The political situation of the Tamil country was at first very favorable for Kopperunchinga II not only to continue the consolidation of the Kadava territories but to expand them. The Kadavas' main adversary, the Hoysalas, had fought the Kadava army in many battles during Kopperunchinga I's reign; but in Kopperunchinga II's time, his Hoysala contemporary Somesvara II stayed away from the Tamil country, as he was busy maintaining his precarious position at home.

==Relationship with Cholas and Pandyas==

Meanwhile, Kopperunchinga actively assisted Rajendra Chola III to ascend the Chola throne and acted as his protector. The Chola territories were now confined to the area around Thanjavur and portions of Tiruchi. Kopperunchinga was much the stronger ruler, and as a result, the Chola king was practically his feudatory. The former would continue to issue records under his name. Chidambaram, the temple town favored by the Cholas, now lay within the Kadava territories. As some of Rajendra Chola III's inscriptions are found in places under Kopperunchinga's control, we may assume that these two rulers were acting as allies both against the Kakatiya dynasty and against the Pandyas to the south, who historically had been enemies to both Pallavas and Cholas.

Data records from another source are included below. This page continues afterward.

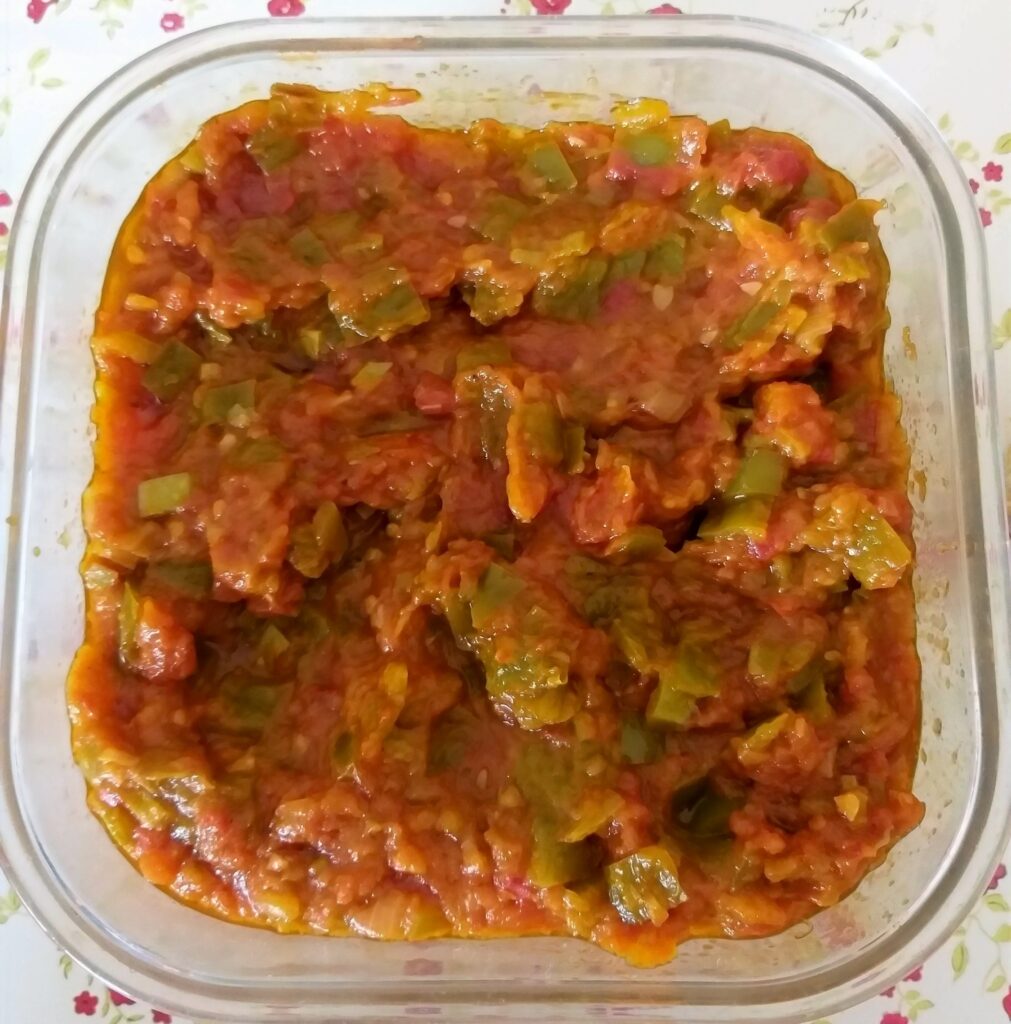 Se cortan los tomates y pimientos en trozos muy pequeños y se fríe todo junto.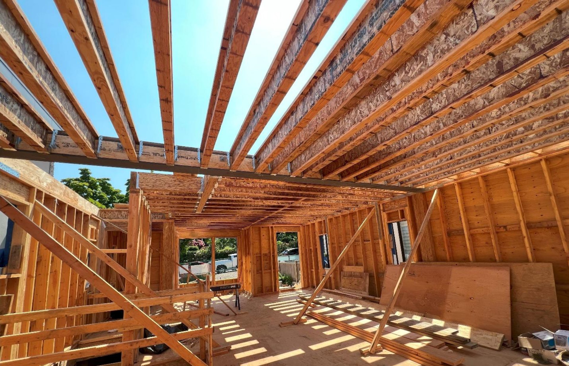 Fir Lumber is used in all our homes vs all homes use spruce lumber. Fir Lumber has stronger compression strenght and is more dense and moister resistant. They use fir lumber in schools and mid rise buildings. We also use bigger washers at the anchor points from wood to concrete base, structural nails, beam brackets with lag screws to secure all beams . This is simply not added in 95 percent of homes.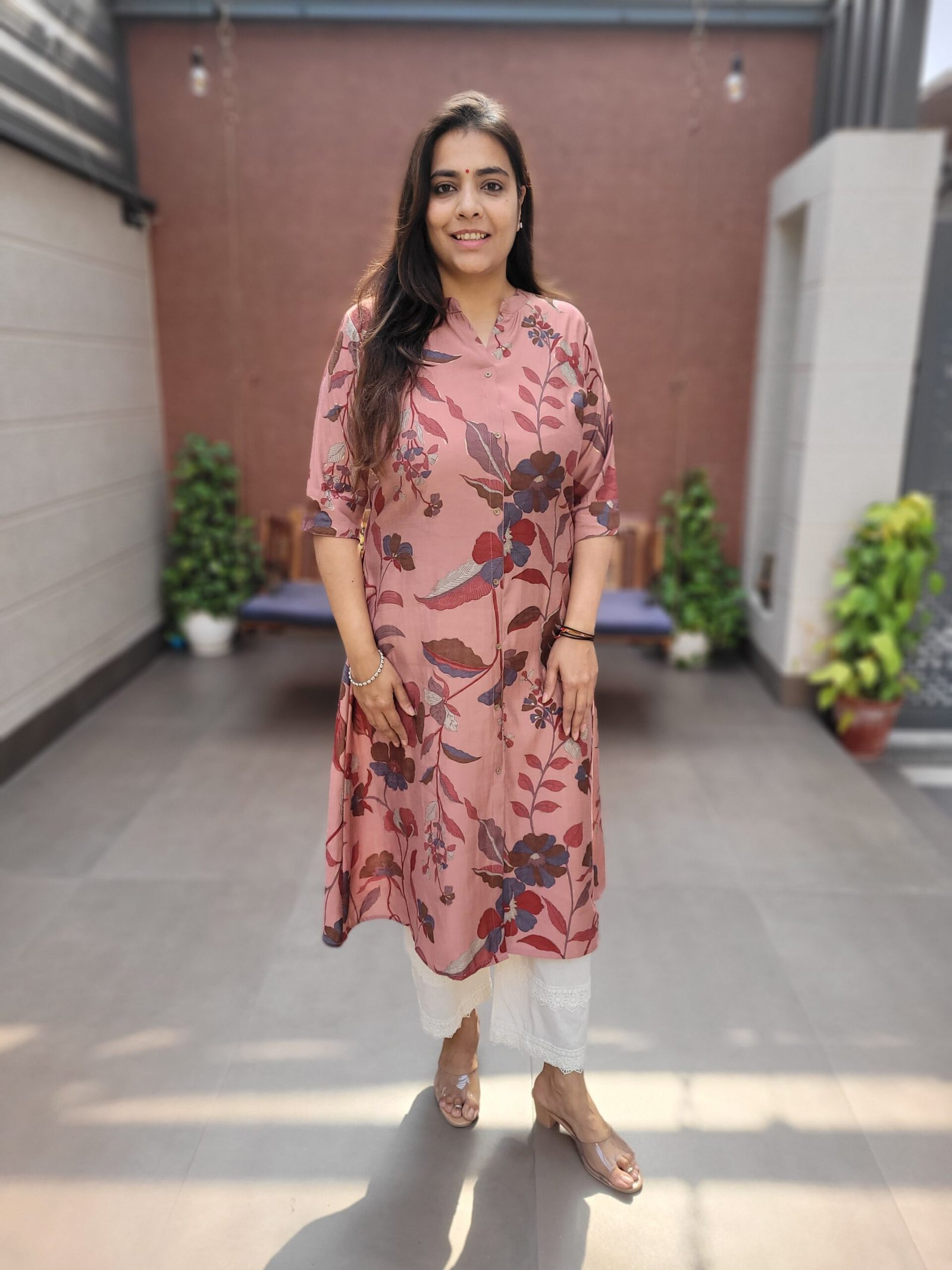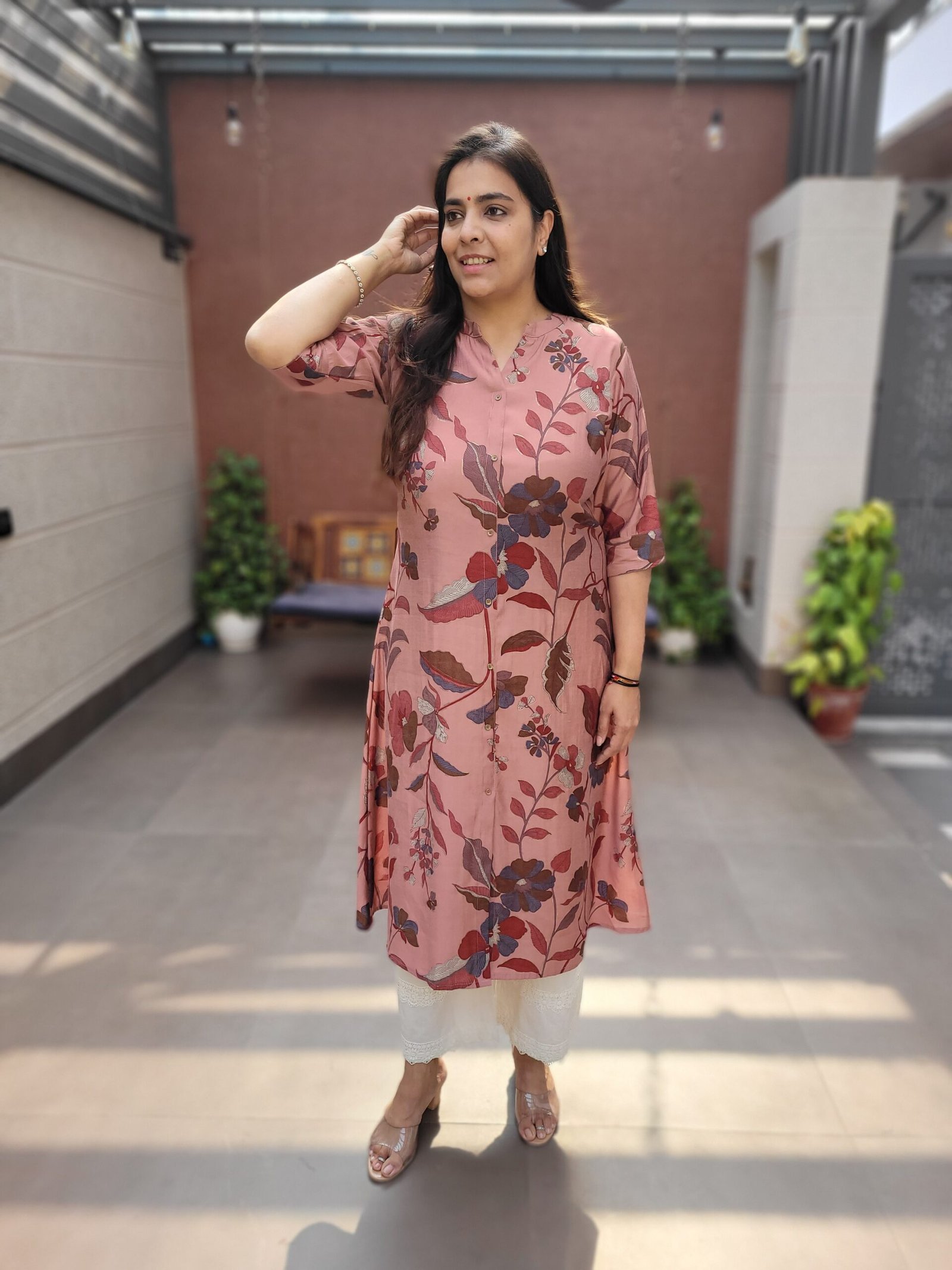 The A-line cut offers a flattering fall, while the digital print adds a subtle yet stylish touch. Ideal for casual outings, office wear, or relaxed ethnic styling, this kurta pairs beautifully with leggings, palazzos, or straight pants.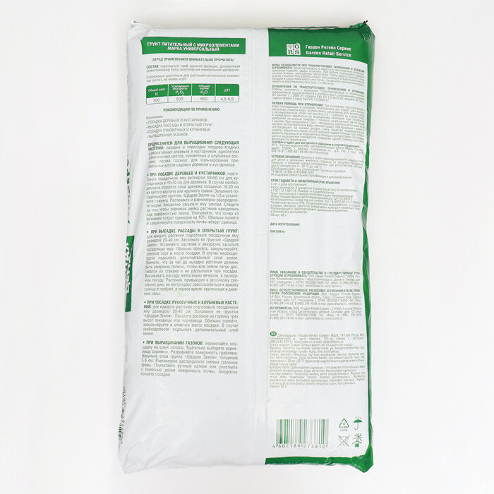 | Состав | Грунт Щедрая Земля универсальный, 60 л, 20.3 кг |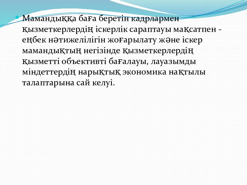 Мамандыққа баға беретін кадрлармен қызметкерлердің іскерлік сараптауы мақсатпен - еңбек нәтижелілігін жоғарылату және іскер мамандықтың негізінде қызметкерлердің қызметті объективті бағалауы, лауазымды міндеттердің нарықтық экономика нақтылы талаптарына сай келуі.
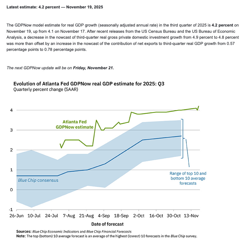 The Federal Reserve Bank of Atlanta’s GDPNow model says the U.S. economy grew at a 4.2 percent real rate in the third quarter of 2025.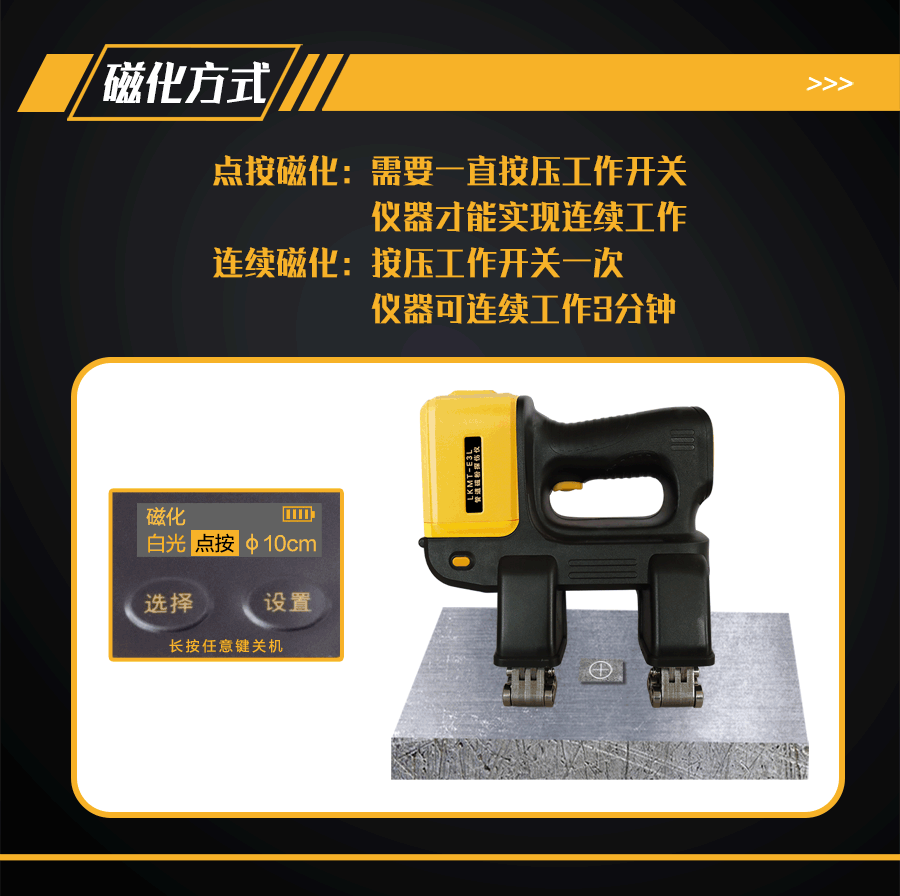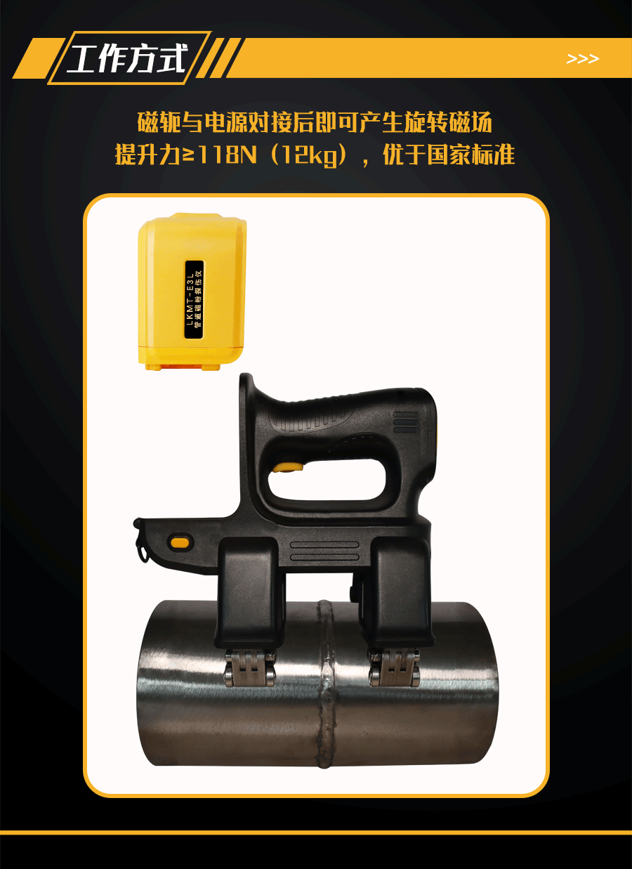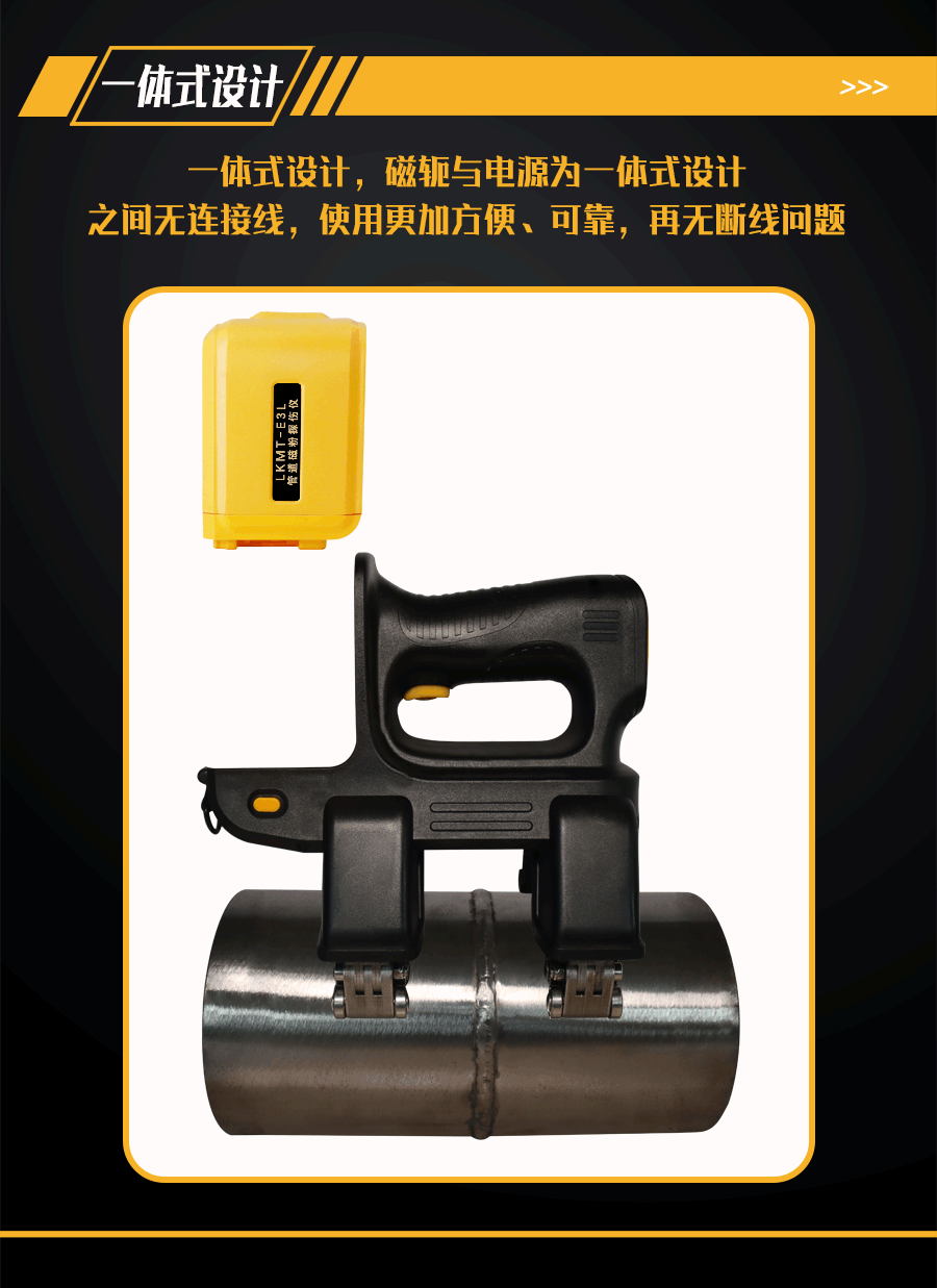 1、LKMT-E3L一體式旋轉(zhuǎn)磁場(chǎng)管道磁粉探傷儀,探頭與鋰電池一體式設(shè)計(jì),無(wú)需使用線鏈接;

Kopperunchinga's relationship with the Pandya king Jatavarman Sundara Pandyan, though by no means cordial, somehow never led to outright war. This is because Kopperunchinga at the time was engaged in prolonged wars against other rulers of Karnataka and the Telugu chiefs, and his repeated successes against them indirectly helped the Pandya king. An inscription of Kopperunjinga in Chidambaram describes his war against Sundara Pandyan referred to therewith as sundarattol.

==The End of the Kadavas==

Kopperunchinga's fortunes changed in 1268 CE, when Maravarman Kulasekara Pandyan I ascended the Pandya throne. Under his leadership the Pandya armies swept across the Tamil country, extending Pandya rule over the entire South Indian peninsula up to the River Krishna in the north. During this process, Kopperunchinga II, along with his Chola ally, evidently were completely sidelined. We hear no more of the Kadavas or the Cholas after 1279 CE. All the painstaking efforts at recovery and their continual wars to "tame the excessive pride of age of Kali" unfortunately led to their going down fighting while their opportunistic foes like the Pandyans gained for their efforts.